▶ **Given information**:
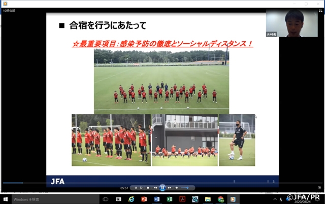 日本サッカー協会(JFA)は8月17日(月)、フィジカルフィットネスプロジェクト主催事業として、今年度2回目のJ1、J2、J3クラブのアカデミーのフィジカルコンディショニングスタッフ研修会をオンラインで開催しました。今回の研修会では、活動を再開したU-19、U-16日本代表チームについて、U-19日本代表フィジカルコーチの中馬健太郎さんとU-16日本代表コンディショニングコーチの小粥智浩さんより活動報告をした後、各クラブの再開後の状況や選手のコンディション状況について情報交換を行いました。
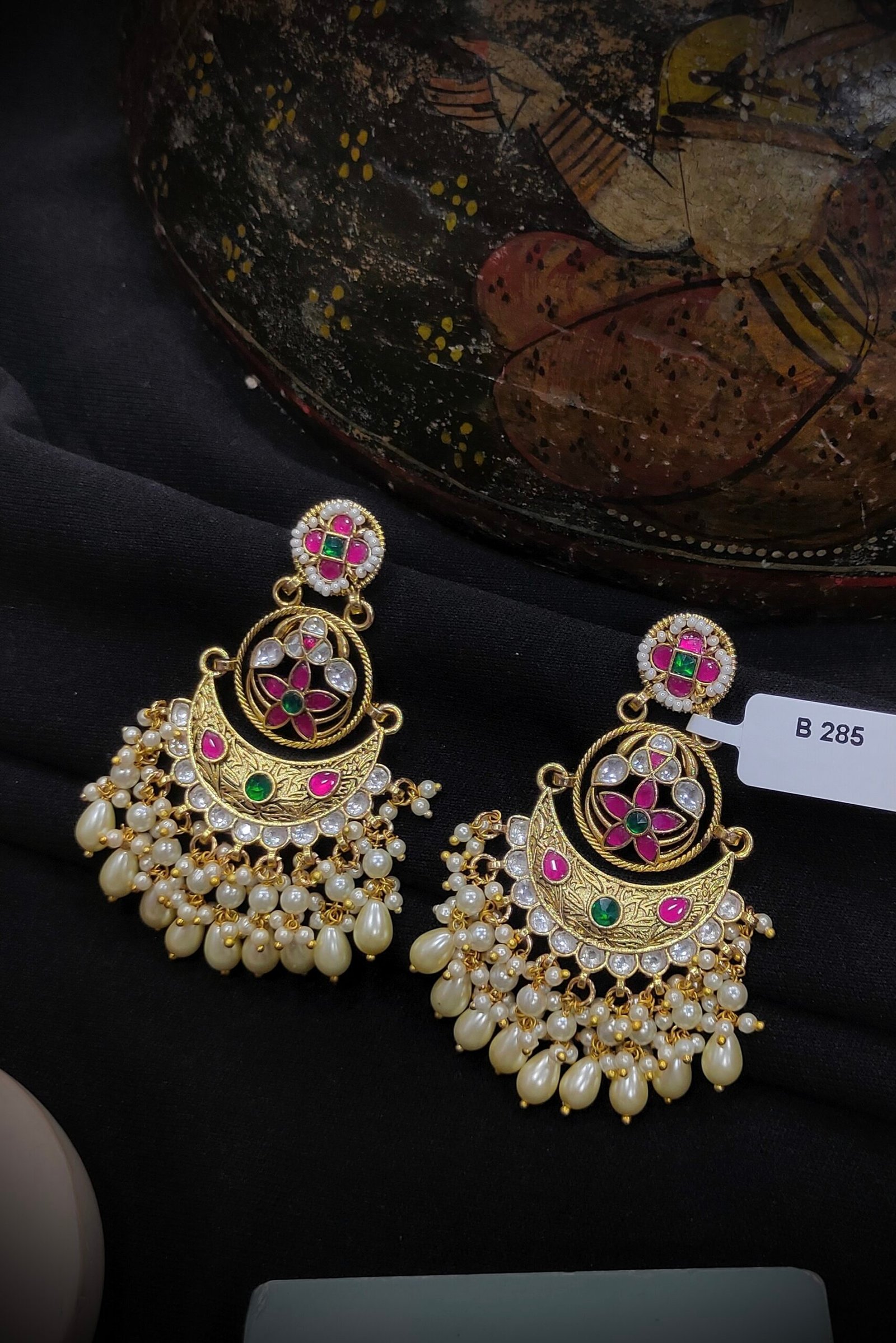 Exquisitely handcrafted, these Jadau Kundan (Pachi Kundan) heritage earrings capture the timeless beauty of royal craftsmanship. Each pair is adorned with intricate meenakari detailing, uncut stones, and delicate pearls — a true celebration of India’s regal jewelry traditions.
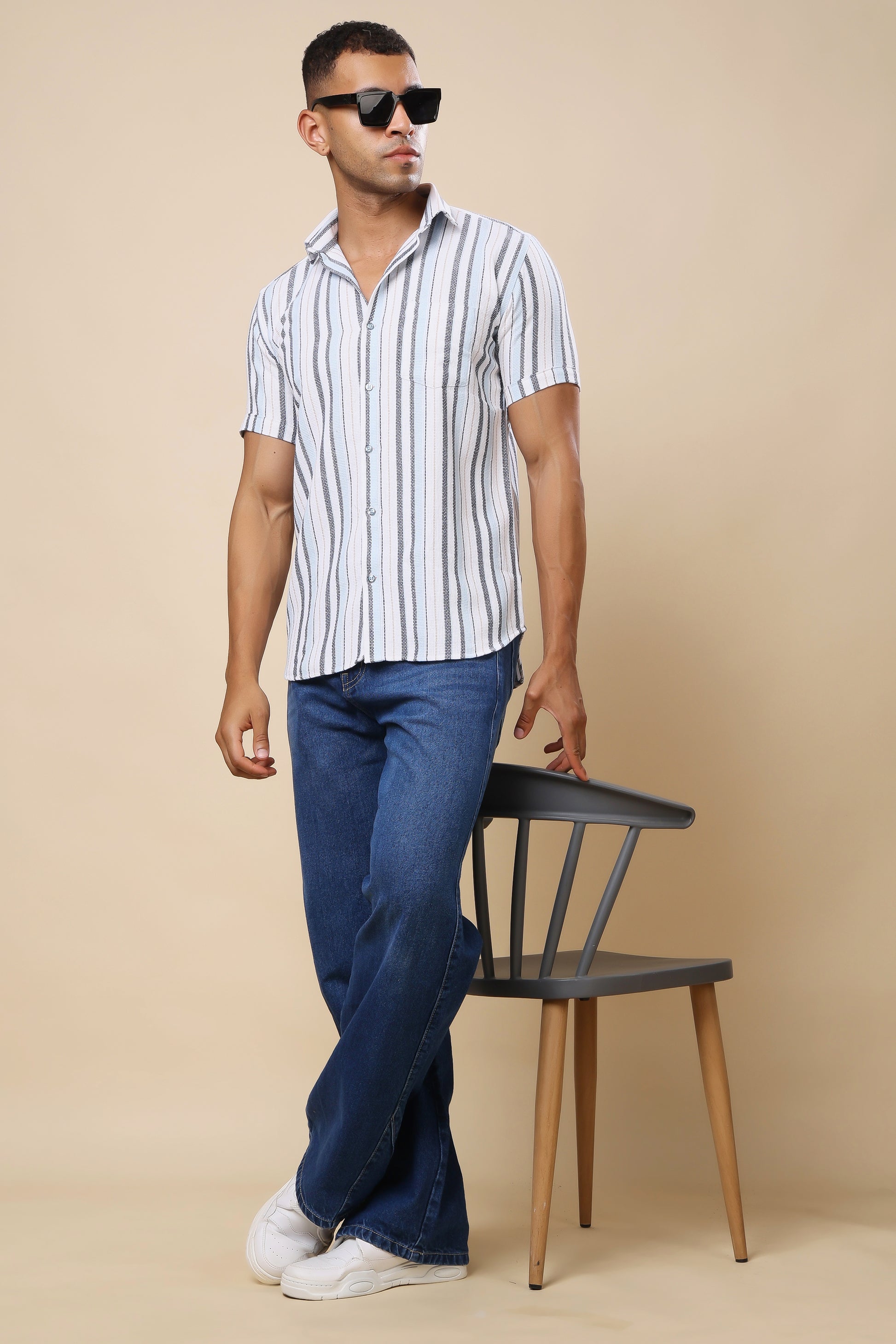 Featuring a button-down front, spread collar, and vertical stripe pattern, this shirt offers a modern yet versatile vibe that pairs easily with jeans, chinos, or shorts. Whether you’re heading out for a casual day, a weekend brunch, or an evening hangout, this shirt is your go-to choice.
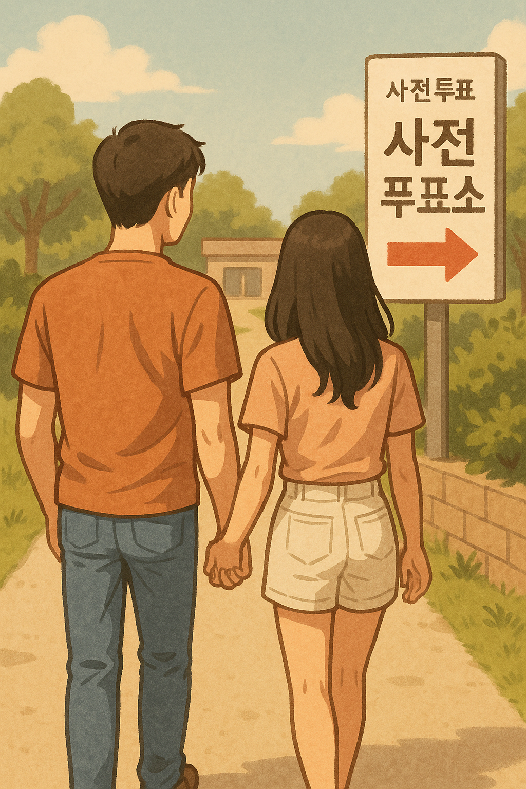 사전투표를 하러 가는 연인 이미지

▶ **Required action**: Would it be possible to copy the material exactly, excluding the images?

▶ **Answer box**:
 日本サッカー協会(JFA)は8月17日(月)、フィジカルフィットネスプロジェクト主催事業として、今年度2回目のJ1、J2、J3クラブのアカデミーのフィジカルコンディショニングスタッフ研修会をオンラインで開催しました。今回の研修会では、活動を再開したU-19、U-16日本代表チームについて、U-19日本代表フィジカルコーチの中馬健太郎さんとU-16日本代表コンディショニングコーチの小粥智浩さんより活動報告をした後、各クラブの再開後の状況や選手のコンディション状況について情報交換を行いました。
 Exquisitely handcrafted, these Jadau Kundan (Pachi Kundan) heritage earrings capture the timeless beauty of royal craftsmanship. Each pair is adorned with intricate meenakari detailing, uncut stones, and delicate pearls — a true celebration of India’s regal jewelry traditions.
 Featuring a button-down front, spread collar, and vertical stripe pattern, this shirt offers a modern yet versatile vibe that pairs easily with jeans, chinos, or shorts. Whether you’re heading out for a casual day, a weekend brunch, or an evening hangout, this shirt is your go-to choice.
 사전투표를 하러 가는 연인 이미지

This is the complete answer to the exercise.